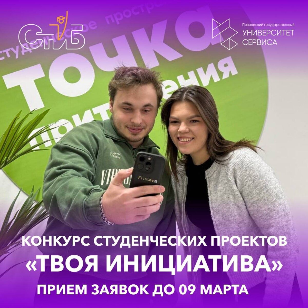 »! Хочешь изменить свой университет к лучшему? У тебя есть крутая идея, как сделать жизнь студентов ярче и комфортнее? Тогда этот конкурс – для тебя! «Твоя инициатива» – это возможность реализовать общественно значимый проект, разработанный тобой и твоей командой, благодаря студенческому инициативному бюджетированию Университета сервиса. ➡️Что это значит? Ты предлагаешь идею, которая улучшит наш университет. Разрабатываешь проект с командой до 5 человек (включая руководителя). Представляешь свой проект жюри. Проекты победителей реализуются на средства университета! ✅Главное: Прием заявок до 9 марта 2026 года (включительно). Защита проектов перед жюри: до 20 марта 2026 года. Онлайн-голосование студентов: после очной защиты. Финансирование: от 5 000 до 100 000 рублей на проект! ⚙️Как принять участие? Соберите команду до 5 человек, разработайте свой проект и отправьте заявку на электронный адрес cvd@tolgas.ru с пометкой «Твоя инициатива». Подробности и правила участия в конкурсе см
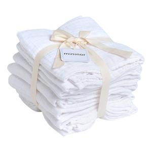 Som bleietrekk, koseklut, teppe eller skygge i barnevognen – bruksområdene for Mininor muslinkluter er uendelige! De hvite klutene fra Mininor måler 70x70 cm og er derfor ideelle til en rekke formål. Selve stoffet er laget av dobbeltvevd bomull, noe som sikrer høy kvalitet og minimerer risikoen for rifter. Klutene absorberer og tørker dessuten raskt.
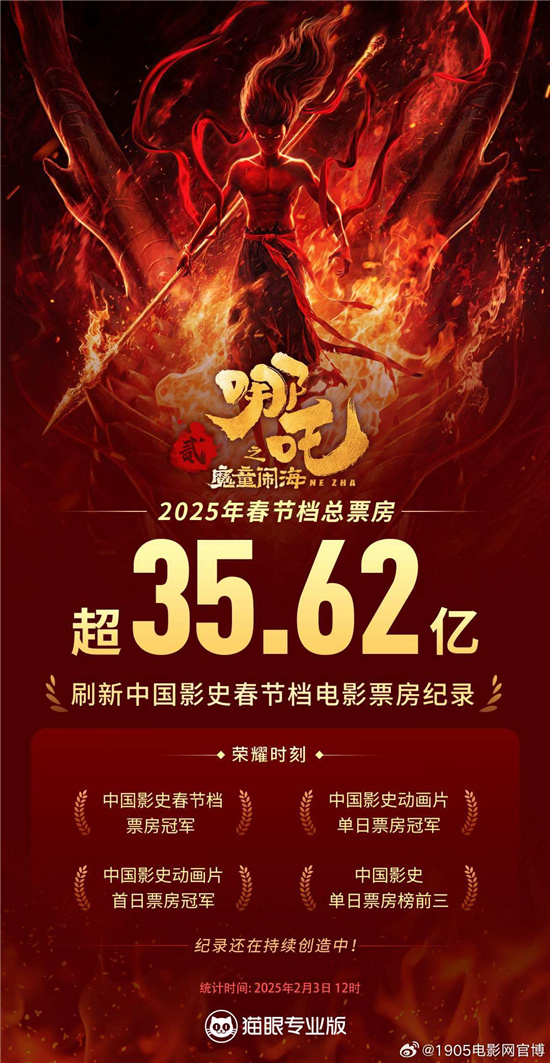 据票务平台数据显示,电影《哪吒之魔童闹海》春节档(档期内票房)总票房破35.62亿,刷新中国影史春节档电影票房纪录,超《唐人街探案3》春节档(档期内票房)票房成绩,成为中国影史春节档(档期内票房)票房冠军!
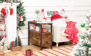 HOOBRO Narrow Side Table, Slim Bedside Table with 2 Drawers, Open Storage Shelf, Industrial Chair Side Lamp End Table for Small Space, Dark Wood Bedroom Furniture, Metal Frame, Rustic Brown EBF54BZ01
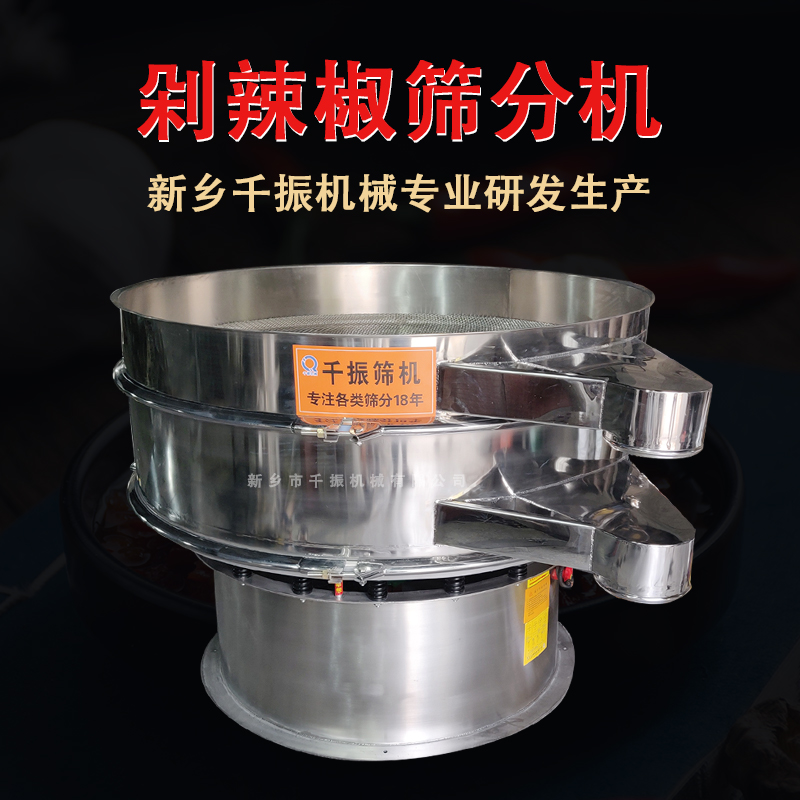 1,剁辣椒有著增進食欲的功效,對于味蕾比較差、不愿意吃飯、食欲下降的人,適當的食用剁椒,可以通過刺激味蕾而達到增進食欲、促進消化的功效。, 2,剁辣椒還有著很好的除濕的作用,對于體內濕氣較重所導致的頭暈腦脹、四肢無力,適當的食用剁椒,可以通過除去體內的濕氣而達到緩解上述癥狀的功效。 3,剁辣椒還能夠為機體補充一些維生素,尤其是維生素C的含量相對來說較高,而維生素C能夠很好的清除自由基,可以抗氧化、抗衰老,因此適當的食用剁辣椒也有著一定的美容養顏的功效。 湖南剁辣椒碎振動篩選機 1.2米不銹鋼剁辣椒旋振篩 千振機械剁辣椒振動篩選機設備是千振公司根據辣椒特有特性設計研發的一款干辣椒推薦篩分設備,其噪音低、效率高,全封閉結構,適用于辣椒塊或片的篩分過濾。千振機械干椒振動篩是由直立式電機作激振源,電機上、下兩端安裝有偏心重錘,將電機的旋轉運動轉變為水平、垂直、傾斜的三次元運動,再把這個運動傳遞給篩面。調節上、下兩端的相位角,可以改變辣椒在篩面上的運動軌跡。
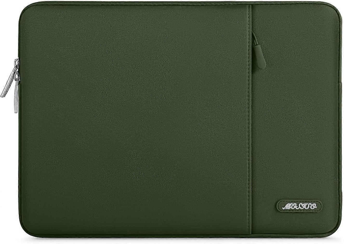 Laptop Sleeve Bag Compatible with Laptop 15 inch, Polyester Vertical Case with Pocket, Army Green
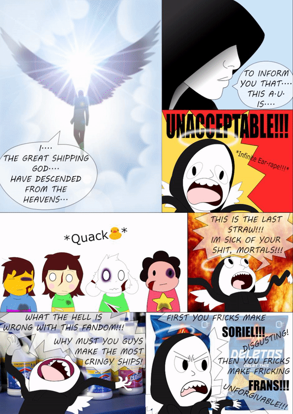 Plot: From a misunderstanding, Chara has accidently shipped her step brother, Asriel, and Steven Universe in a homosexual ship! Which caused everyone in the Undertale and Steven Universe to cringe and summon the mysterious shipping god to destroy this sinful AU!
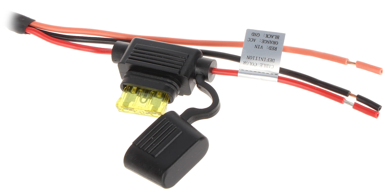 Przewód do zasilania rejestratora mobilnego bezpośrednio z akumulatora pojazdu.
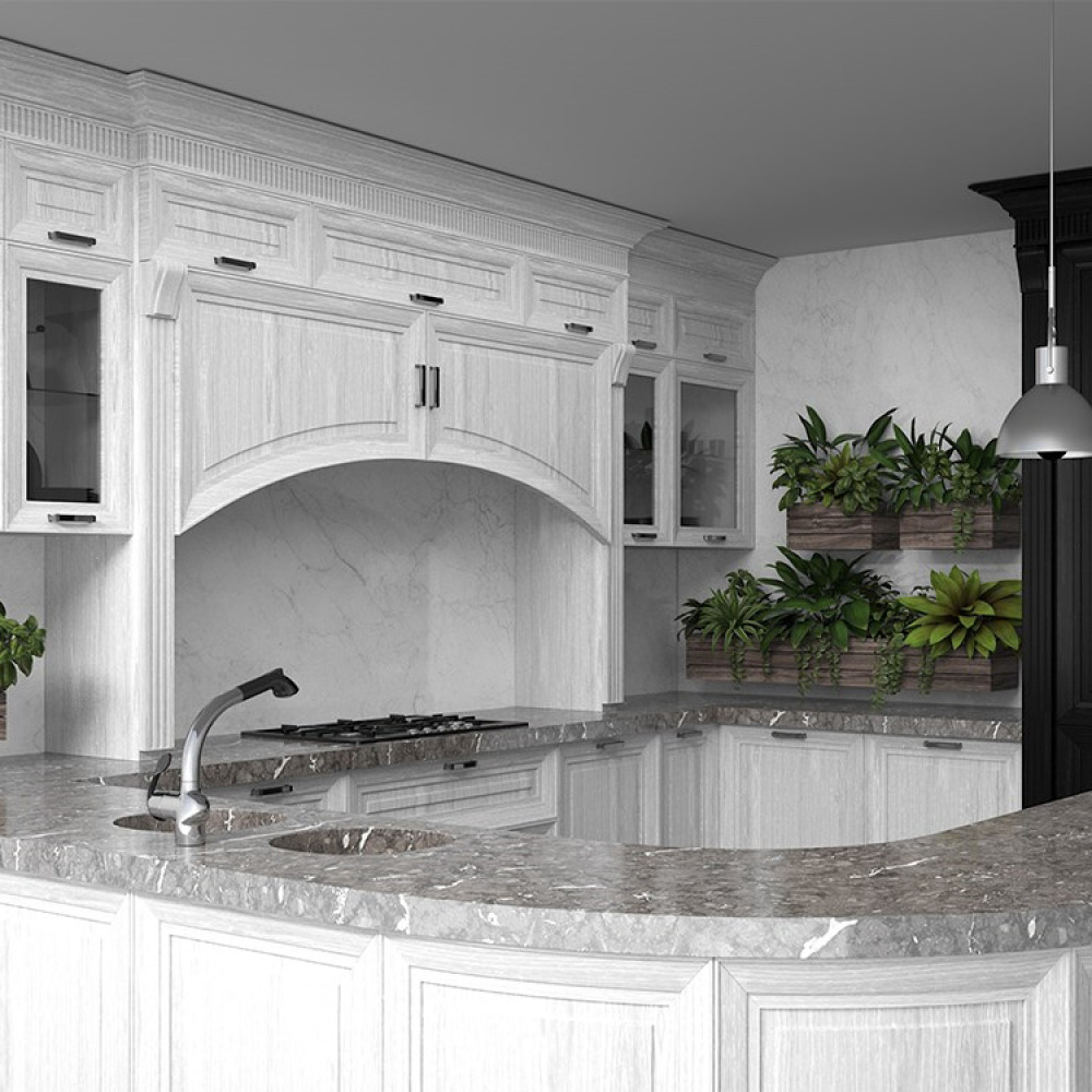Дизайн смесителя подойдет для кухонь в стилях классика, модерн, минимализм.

--- Problem description ---
Start at the first line and set down all of the data exactly, passing over the pictures.

--- Your solution ---
 »! Хочешь изменить свой университет к лучшему? У тебя есть крутая идея, как сделать жизнь студентов ярче и комфортнее? Тогда этот конкурс – для тебя! «Твоя инициатива» – это возможность реализовать общественно значимый проект, разработанный тобой и твоей командой, благодаря студенческому инициативному бюджетированию Университета сервиса. ➡️Что это значит? Ты предлагаешь идею, которая улучшит наш университет. Разрабатываешь проект с командой до 5 человек (включая руководителя). Представляешь свой проект жюри. Проекты победителей реализуются на средства университета! ✅Главное: Прием заявок до 9 марта 2026 года (включительно). Защита проектов перед жюри: до 20 марта 2026 года. Онлайн-голосование студентов: после очной защиты. Финансирование: от 5 000 до 100 000 рублей на проект! ⚙️Как принять участие? Соберите команду до 5 человек, разработайте свой проект и отправьте заявку на электронный адрес cvd@tolgas.ru с пометкой «Твоя инициатива». Подробности и правила участия в конкурсе см
 Som bleietrekk, koseklut, teppe eller skygge i barnevognen – bruksområdene for Mininor muslinkluter er uendelige! De hvite klutene fra Mininor måler 70x70 cm og er derfor ideelle til en rekke formål. Selve stoffet er laget av dobbeltvevd bomull, noe som sikrer høy kvalitet og minimerer risikoen for rifter. Klutene absorberer og tørker dessuten raskt.
 据票务平台数据显示,电影《哪吒之魔童闹海》春节档(档期内票房)总票房破35.62亿,刷新中国影史春节档电影票房纪录,超《唐人街探案3》春节档(档期内票房)票房成绩,成为中国影史春节档(档期内票房)票房冠军!
 HOOBRO Narrow Side Table, Slim Bedside Table with 2 Drawers, Open Storage Shelf, Industrial Chair Side Lamp End Table for Small Space, Dark Wood Bedroom Furniture, Metal Frame, Rustic Brown EBF54BZ01
 1,剁辣椒有著增進食欲的功效,對于味蕾比較差、不愿意吃飯、食欲下降的人,適當的食用剁椒,可以通過刺激味蕾而達到增進食欲、促進消化的功效。, 2,剁辣椒還有著很好的除濕的作用,對于體內濕氣較重所導致的頭暈腦脹、四肢無力,適當的食用剁椒,可以通過除去體內的濕氣而達到緩解上述癥狀的功效。 3,剁辣椒還能夠為機體補充一些維生素,尤其是維生素C的含量相對來說較高,而維生素C能夠很好的清除自由基,可以抗氧化、抗衰老,因此適當的食用剁辣椒也有著一定的美容養顏的功效。 湖南剁辣椒碎振動篩選機 1.2米不銹鋼剁辣椒旋振篩 千振機械剁辣椒振動篩選機設備是千振公司根據辣椒特有特性設計研發的一款干辣椒推薦篩分設備,其噪音低、效率高,全封閉結構,適用于辣椒塊或片的篩分過濾。千振機械干椒振動篩是由直立式電機作激振源,電機上、下兩端安裝有偏心重錘,將電機的旋轉運動轉變為水平、垂直、傾斜的三次元運動,再把這個運動傳遞給篩面。調節上、下兩端的相位角,可以改變辣椒在篩面上的運動軌跡。
 Laptop Sleeve Bag Compatible with Laptop 15 inch, Polyester Vertical Case with Pocket, Army Green
 Plot: From a misunderstanding, Chara has accidently shipped her step brother, Asriel, and Steven Universe in a homosexual ship! Which caused everyone in the Undertale and Steven Universe to cringe and summon the mysterious shipping god to destroy this sinful AU!
 Przewód do zasilania rejestratora mobilnego bezpośrednio z akumulatora pojazdu.
Дизайн смесителя подойдет для кухонь в стилях классика, модерн, минимализм.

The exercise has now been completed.